Brian’s top challenges are around working with very large projects, creating and managing end-to-end traceability, people other than RE’s are writing requirements and making verifiable RE work products. He works in an industry where the FDA requires the end-to-end traceability be complete, so this is of particular importance to them.

Kousik’s challenges included dealing with multi-site projects where domain competency levels vary and they are multiple product lines that share common requirements. Another challenge is with OEM development and things like making use of requirements patterns and capturing emotional requirements.

Ian’s challenges were divided into the types of work he engages with customers on. In workshops, a challenge he faces is in firefighting. In processes, his challenges include a tension between the people who demand we follow process and those who just want to get the job done. They want simple but comprehensive processes, for example. In the training space, the challenge is how do you fit a training class in 2-3 days and that it is very hard to change people’s behaviors. In tools, he finds people want to try to use the same tool for everything, they really want to integrate it to other tools and they try to force everyone to use them without success.

And finally, Juha’s challenges were that they have a huge number and variety of potential customers to please and they have a large number of products to develop each year (in the 100’s). They have some interesting challenges around innovation and what adding value looks like. And it’s not always clear who is playing the RE role.

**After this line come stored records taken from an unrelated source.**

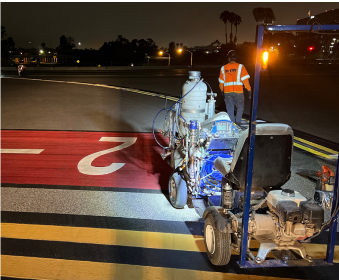
Striping in Phase I area

Reconstruction of Taxiway L continues to move forward. Last month, striping was completed in the Phase I work area near the Lakewood Tunnel and the Phase II area near Taxiway L1 and L2. Asphalt pavement was placed in the Phase I area, near the Lakewood Tunnel, and the Phase V area, near Taxiway H. Phase I, II and a portion of V were opened for aircraft use in August. Work was initiated in the Phase III area, adjacent to the UPS ramp, where existing asphalt and base were removed, and soil cement was placed at the Spring Street tunnel.
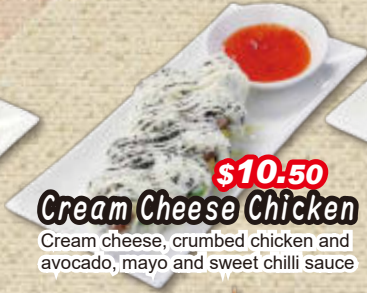
$10.50 Cream Cheese Chicken

Crumbed chicken and cabbage, specially made tempura batter crunch
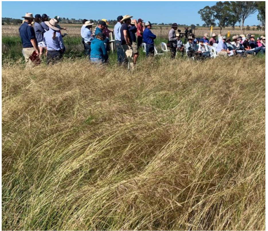
Chilean needle grass field day at Loomberah near Tamworth (December 2021).

Ongoing engagement, extension and education activities are planned for the next 12 months.
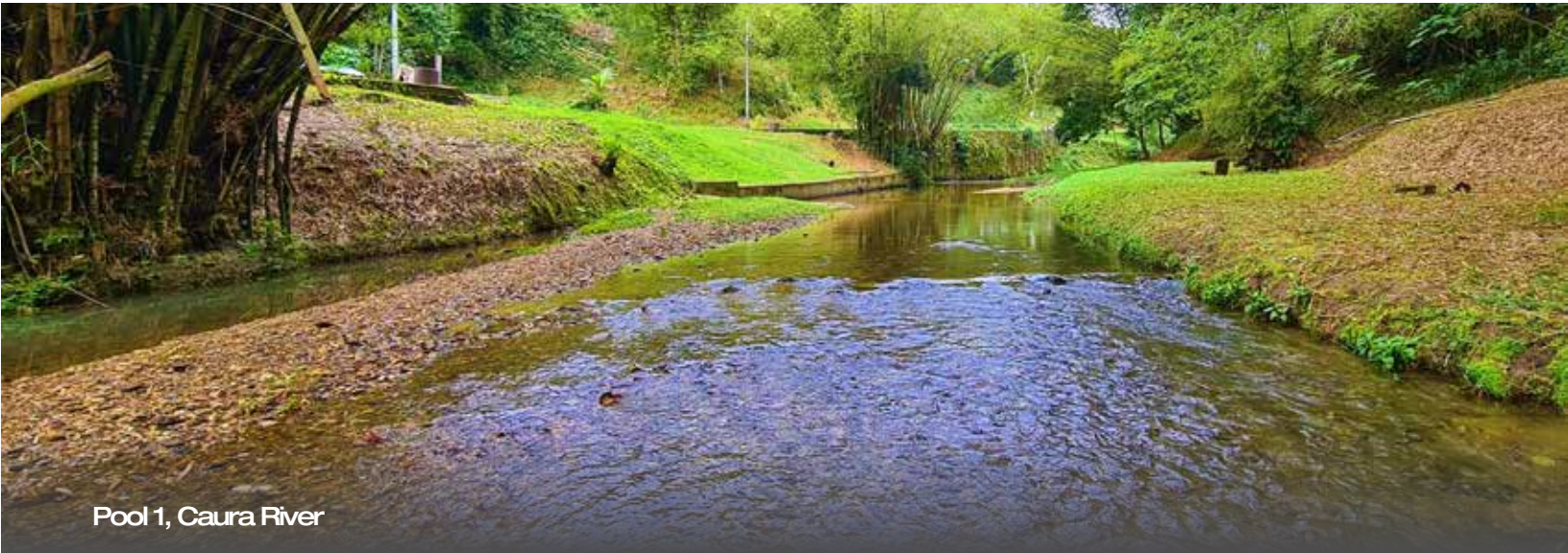
Pool 1, Caura River
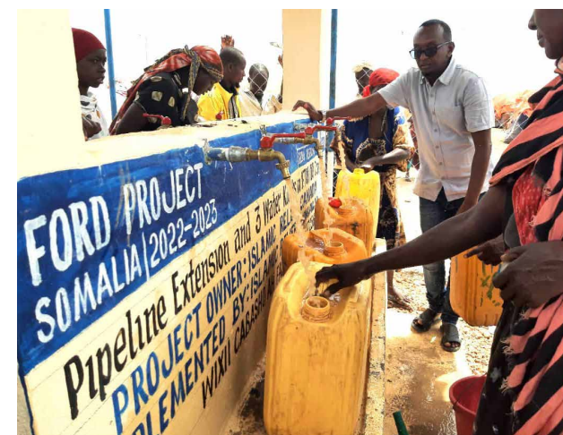
Provision of clean and safe water to the drought affected families in Bardhere IDP camps of Gedo region, Somalia
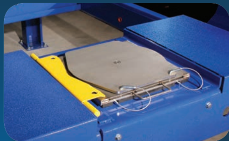
Photo shows optional stainless steel turning radius gauges

Alignment lifts come standard with two carbon steel turning radius gauges - roll back bar allows the gauges to be placed in the front or back of the slot while keeping a flat runway surface.
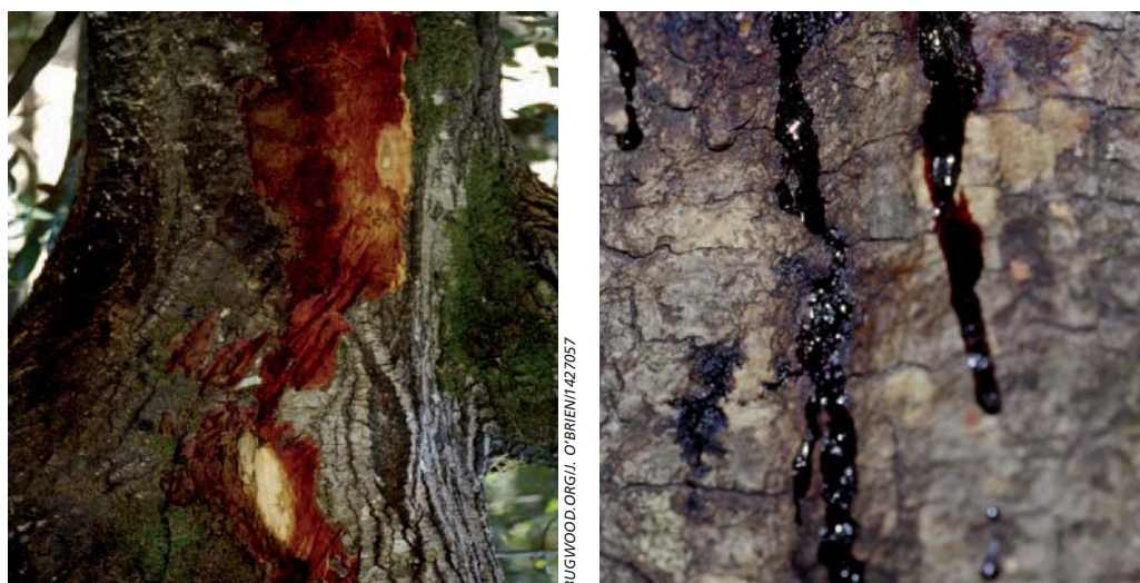
Cankers and bleeding on coast live oak ( Quercus agrifolia ) resulting from Phytophthora ramorum infection

Phytophthora ramorum S. Werres, A.W.A.M. de Cock & W.A. Man in't Veld causes a very serious disease called sudden oak death which causes extensive mortality of tanoak and oaks. It is also associated with disease on ornamental plants and other broadleaf and conifer trees. This pathogen has been a significant problem in North American and European forests and nurseries.
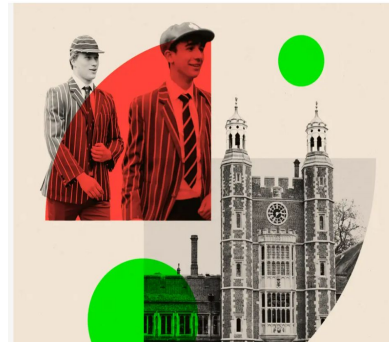
The debate: Would Labour's plan to tax private school fees work? - BBC News
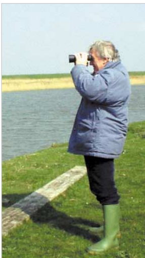
A recent trip to Cliffe Marshes

A leaked proposal for a new international airport at Cliffe has ruffled many feathers locally – mine included – as the area is a vital haven for bird and other wildlife.
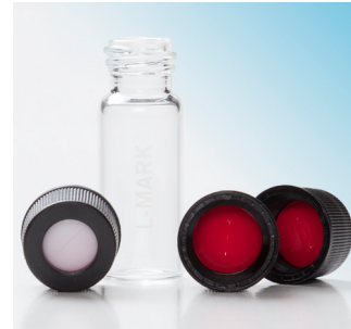
10-425 mm Screw Cap
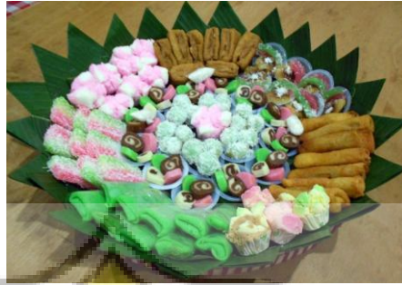
Figure 4.12 jajan pasar

7) Jajan pasar is a menu made of different kinds of traditional snacks snacks. The variety of jajanan pasar symbolizes the substance the baby in the future.
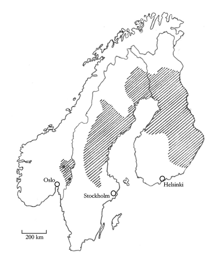
Fig. 1 The study area (hatched) and the core area (cross-hatched) in the southern part of Hedmark county, Norway, where a Great Grey Owl population was established in 2009–2011, with the pre-2009 distribution of Great Grey Owls in Sweden (Svensson et al. 1999) and Finland (Valkama et al. 2011) indicated. The two sites where data on small mammal population fluctuations were collected are marked with a dot. Data from the northern site are presented in Fig. 2a, and data from the southern site are presented in Wegge and Rolstad (2018)
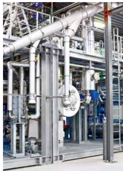
Sulzer PLA production plant at one of our customers

Since 2012 we own and operate a complete 1,000 t/yr PLA production unit. This unit can produce customer-specific grades and enables us to provide you with large quantities of sample material for in-house evaluation, industrial testing and product development. Samples are available either in 20 kg bags or 600 kg octabins. For specialties and product samples in smaller quantities, we also offer customer testing in our own dedicated, state-of-the-art R&D facilities.

Juha’s (and to some degree Kouski’s) challenges are interesting because they work on a consumer product line (i.e. cell phones!), whereas most of the rest of us are working on large internal systems projects.

The panel made for was a fantastic blend of experiences, roles and types of projects. I will say that participating on it was a lot of fun! Brian did a great job chairing the panel. In particular the focus of the panel was on the audience’s interests and questions, so we had very good discussions out of that. I have jotted down notes on some of the interesting questions asked by the audience, but I will post that on another day!